What you return must be the lines from the first one below through the one containing "6 x MOBILE PARTS", exactly and with pictures excluded.

• _DATASET SECTION_:

----------

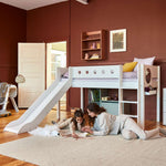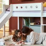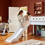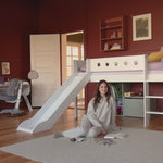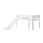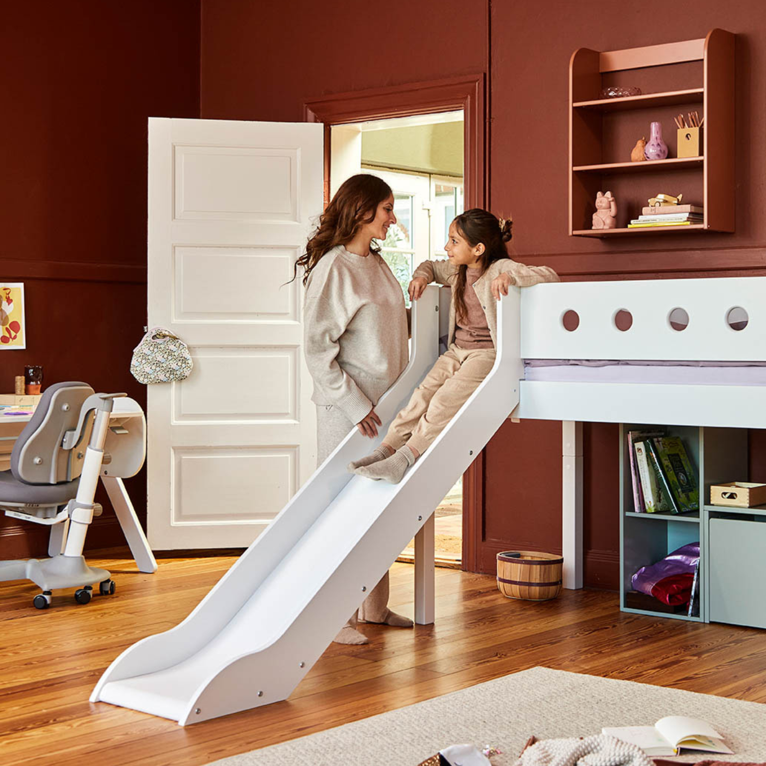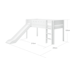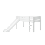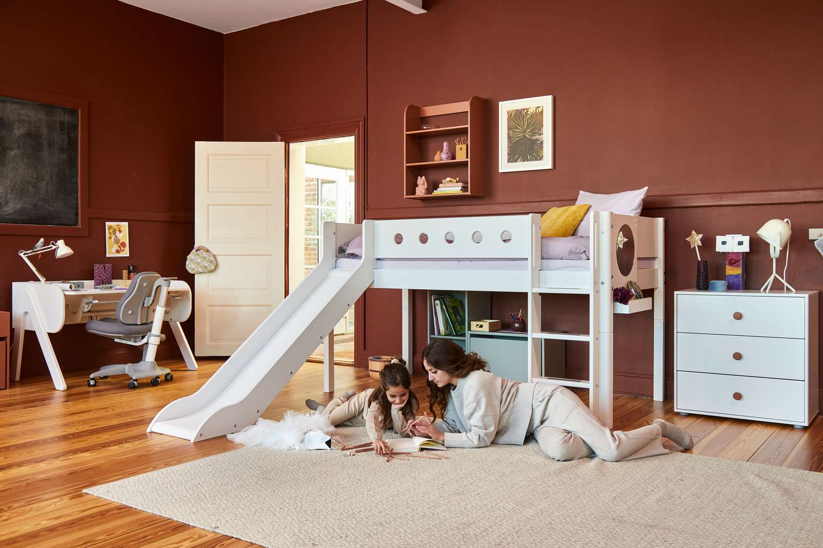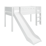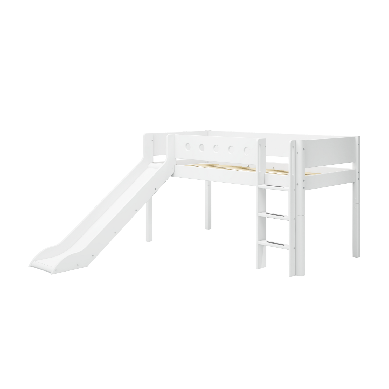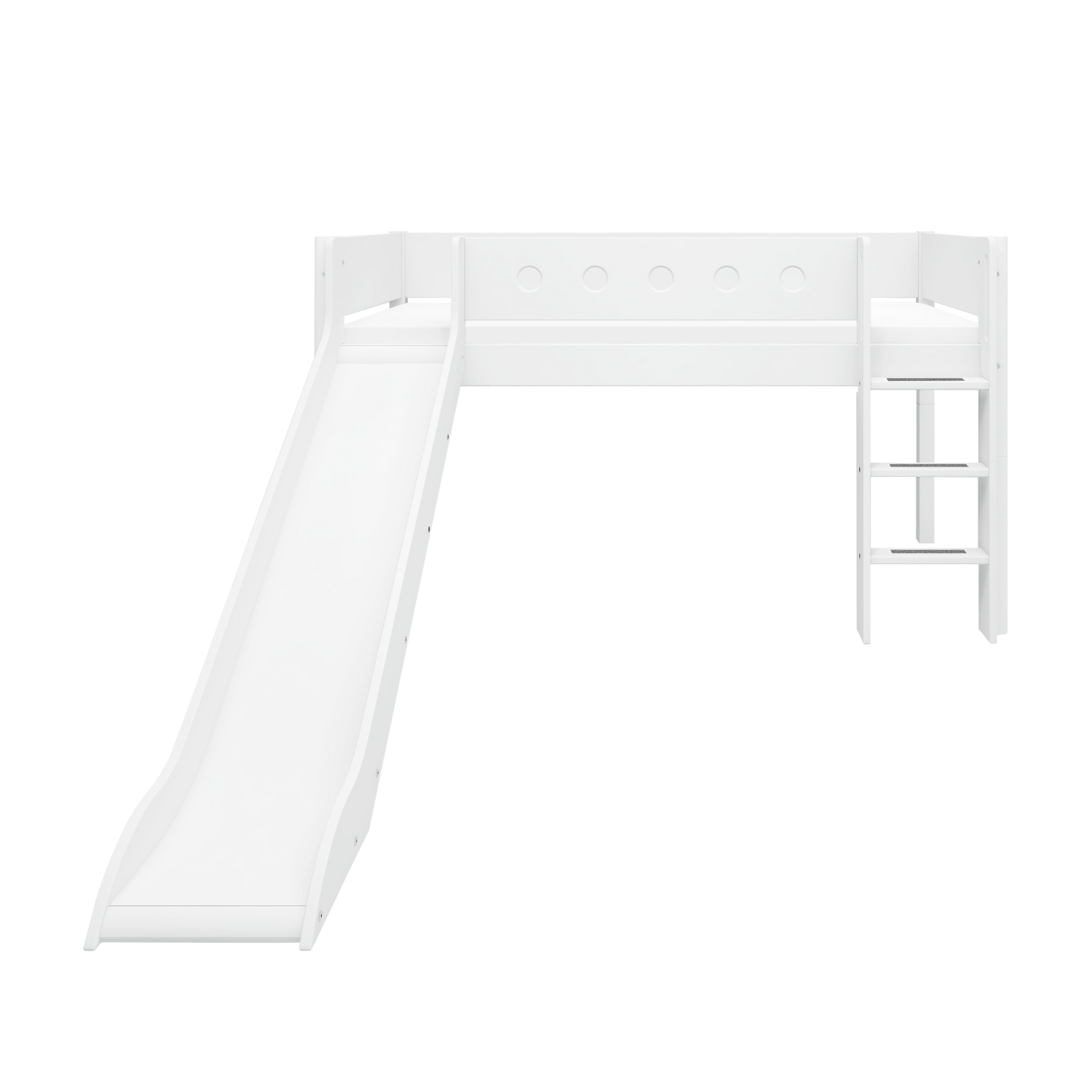 White mid-high bed with straight ladder and slide. The bed, that will turn the child's room into a playground! The ladder has anti-slip steps and integrated handles and can be placed in both ends of the bed - just as the slide. The space underneath midsleeper is perfect for storage. FLEXA textiles enables you to create a private sphere underneath the bed by adding the play curtains. On the bed the cave can be be used. The White grows with the children. By moving the slide and ladder and adding short legs to the midsleeper, you can rebuild the bed into a single bed. And by adding high legs to the bed, you can rebuild the bed to a high bed. The bed is made of high quality MDF and has legs in solid pine. Recommended age: From the age of 6 years.
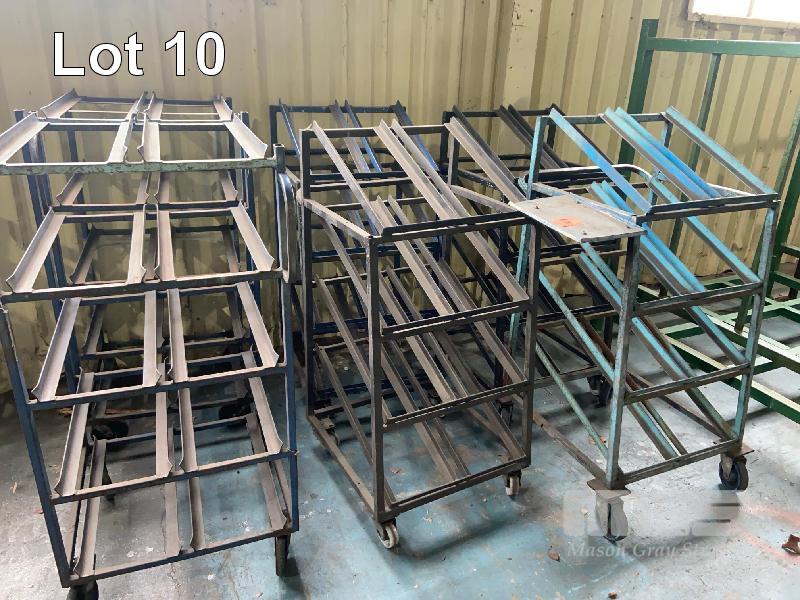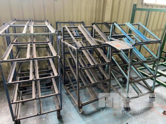 6 x MOBILE PARTS TROLLEYS, STEEL 1200 x 600 x 500mm 4 x INCLINEABLE 2 x HORIZONTAL
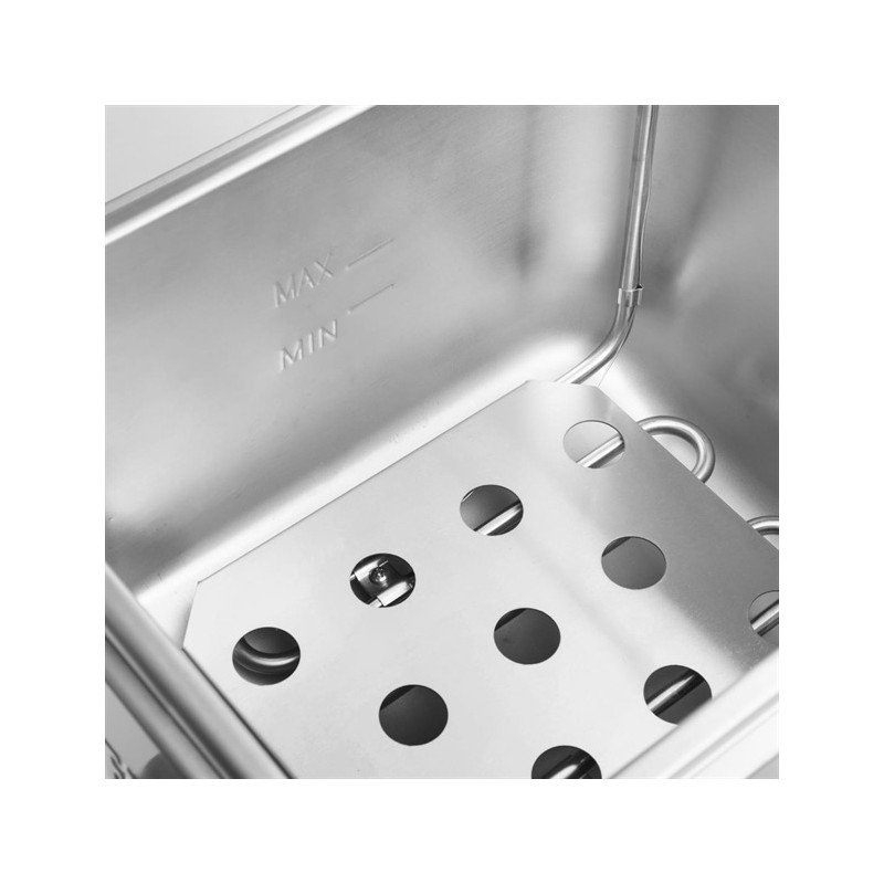 Once you're done for the day, the whole fryer is easy to clean and maintain. The front-mounted drain tap makes the process even easier - there's no need for lifting heavy pans of oil - simply put a container underneath and open the tap. The V-shaped pan maximises the oil drained away, leaving it ready for cleaning and refilling. And when the fryer is not in use, the included stainless steel lid helps to protect the oil until the next cook.

----------

• _YOUR SOLUTION_:
 White mid-high bed with straight ladder and slide. The bed, that will turn the child's room into a playground! The ladder has anti-slip steps and integrated handles and can be placed in both ends of the bed - just as the slide. The space underneath midsleeper is perfect for storage. FLEXA textiles enables you to create a private sphere underneath the bed by adding the play curtains. On the bed the cave can be be used. The White grows with the children. By moving the slide and ladder and adding short legs to the midsleeper, you can rebuild the bed into a single bed. And by adding high legs to the bed, you can rebuild the bed to a high bed. The bed is made of high quality MDF and has legs in solid pine. Recommended age: From the age of 6 years.
 6 x MOBILE PARTS TROLLEYS, STEEL 1200 x 600 x 500mm 4 x INCLINEABLE 2 x HORIZONTAL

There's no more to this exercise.